Quest’oggi tratteremo un argomento letteralmente scottante, che crea non poca confusione in ambito fotografico, grafico o informatico in generale: stiamo parlando dei DPI e PPI.
Cosa sono i DPI?
Per DPI si intente Dots Per Inch che letteralmente si traduce come ”punti per pollice”. Questo valore indica il numero di punti che si trovano in un pollice. Il termine DPI però viene utilizzato principalmente nel mondo della stampa. Esso indica la definizione di stampa e stabilisce il numero di punti stampati per ogni pollice (in soldoni maggiori saranno i DPI e maggiore sarà la quantità di immagine stampata in quella porzione di foglio).
Voi però sicuramente starete pensando ”ma com’è possibile, questa sigla l’ho vista anche durante la digitalizzazione di un documento con lo scanner”; ebbene si, in questo caso è lecito. Il DPI conta per la scansione perché si sta traducendo qualcosa da pollici a pixel, più alto sarà questo valore e più sarà alta la risoluzione.
Ed invece i PPI?
Il termine PPI lo troviamo sempre in ambito di display e densità di pixel. La sigla sta per Pixel per Inch e letteralmente si traduce come ”pixel per pollice”. Questo valore assume un significato sia in fase di visualizzazione dell’immagine che in fase di stampa.

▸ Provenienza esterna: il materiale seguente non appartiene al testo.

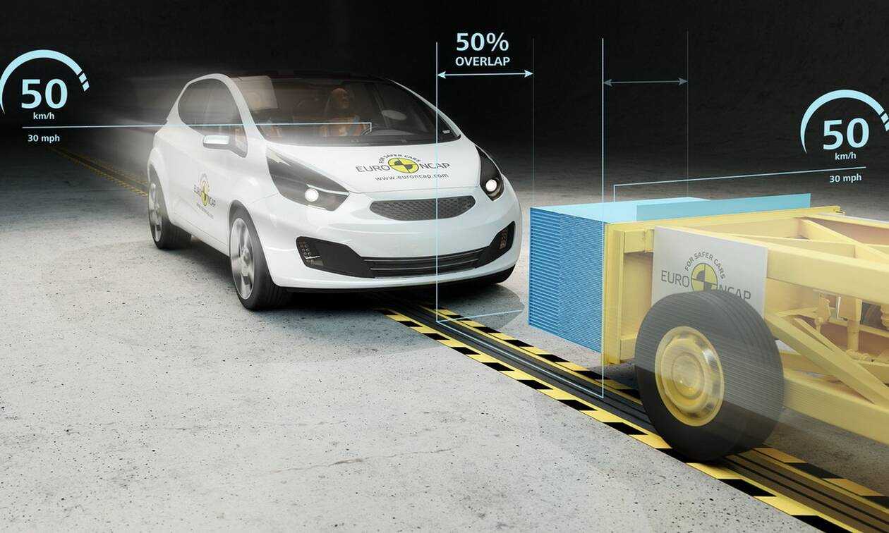 Στην περίπτωση των δοκιμών του Euro NCAP, αυτές περιλαμβάνουν τη μετωπική πρόσκρουση που αποτελείται από δύο δοκιμές. Η πρώτη δοκιμασία είναι μια πλήρης μετωπική πρόσκρουση σε ακίνητο τοίχο με ταχύτητα 50 χλμ/ώρα, ενώ η δεύτερη δοκιμή γίνεται με το όχημα να συγκρούεται με ένα κινητό εμπόδιο βάρους 1.400 κιλών, το οποίο έχει σχεδιαστεί για να προσομοιώνει ένα μέσο αυτοκίνητο στο δρόμο. Τόσο το αυτοκίνητο δοκιμής όσο και το εμπόδιο κινούνται με 50 χλμ/ώρα. Η περιοχή πρόσκρουσης περιλαμβάνει το 50% της μετωπικής περιοχής του οχήματος.
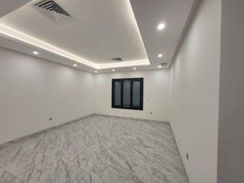 Brand new 4-bedroom floor with balcony for rent in Al-Masayel. Rent is KD550 per month. For American, European, or Korean expats only. Light, private, quality, and convenience. The larger-than-average property boasts a spacious living room with windows. 4 bathrooms, kitchen, living room, shaded parking. This is a great catch; please get in touch for an inspection. Please call Anwar.

Esiste però un limite da tenere sempre in conto, i nostri occhi. L’occhio umano è in grado di definire un’immagine con una densità di pixel pari a 270 PPI alla distanza di 40cm che arrivano a superare i 300 una volta avvicinato l’occhio al display.
Che collegamento c’è con la fotografia?
Uno degli errori più frequenti, fatto dai fotografi sia in ambito amatoriale che professionale, è quello di credere che il concetto di DPI e PPI vada ad incidere anche nei file da visualizzare in ambito web. Cambiare questi valori non incide sulla risolutezza e sul dettaglio dell’immagine mostrata a video. Ciò accade perché ogni monitor possiede una specifica densità di pixel per pollice e questo valore non può variare come accade in fase di stampa con una stampante. In soldoni tutto questo vuol dire che se per esempio il nostro dispositivo è dotato di un display con densità di pixel pari a 300 PPI e diamo in pasto un’immagine salvata a 150 PPI, questa per ovvi motivi verrà visualizzata sempre a 300 PPI senza cambiare la sua risoluzione.
Quanto detto precedentemente serve a farvi capire che in ambito web non ha senso parlare di DPI/PPI bensì occorre ragionare in termini di pixel. Questi ci permettono di capire quanto l’immagine è effettivamente grande.
Come si calcolano i PPI?
Per calcolare questo valore occorre rifarsi al teorema di Pitagora. Basta prendere la diagonale dello schermo in questione, misurarla in pollici e questa sarà l’ipotenusa dei nostri due triangoli rettangoli immaginari formatisi con la diagonale tracciata in precedenza. Per sapere quanti pollici ci sono per ogni pixel della diagonale tracciata basterà calcolare la radice quadrata della somma dei due cateti (le dimensioni orizzontali e verticali dello schermo in termini di pixel). Questa formula è valida solo con display dotati di matrice RGB, per altri tipi di display invece va adattata.
Conclusioni
Nella pratica, in sostanza, ci sono diverse situazioni in cui è necessario conoscere queste basi teoriche. Immaginiamo di voler stampare una foto a 300 DPI e sappiamo che il nostro schermo riproduce 200 PPI. In questo caso guardando la foto al 100% avremo una densità di pixel 1,5 volte più bassa di quella che risulterà su carta. La situazione ideale sarebbe quella di lavorare questo genere di file su uno schermo dotato di densità di pixel pari a 300 PPI.
Ovviamente discorso a parte va fatto per l’ambito web dove si presuppone che non tutti gli utenti siano dotati di display con densità di pixel elevate e per limitare questo problema basterà lavorare su un ingrandimento che pareggi la densità con quella più comune di 100 PPI.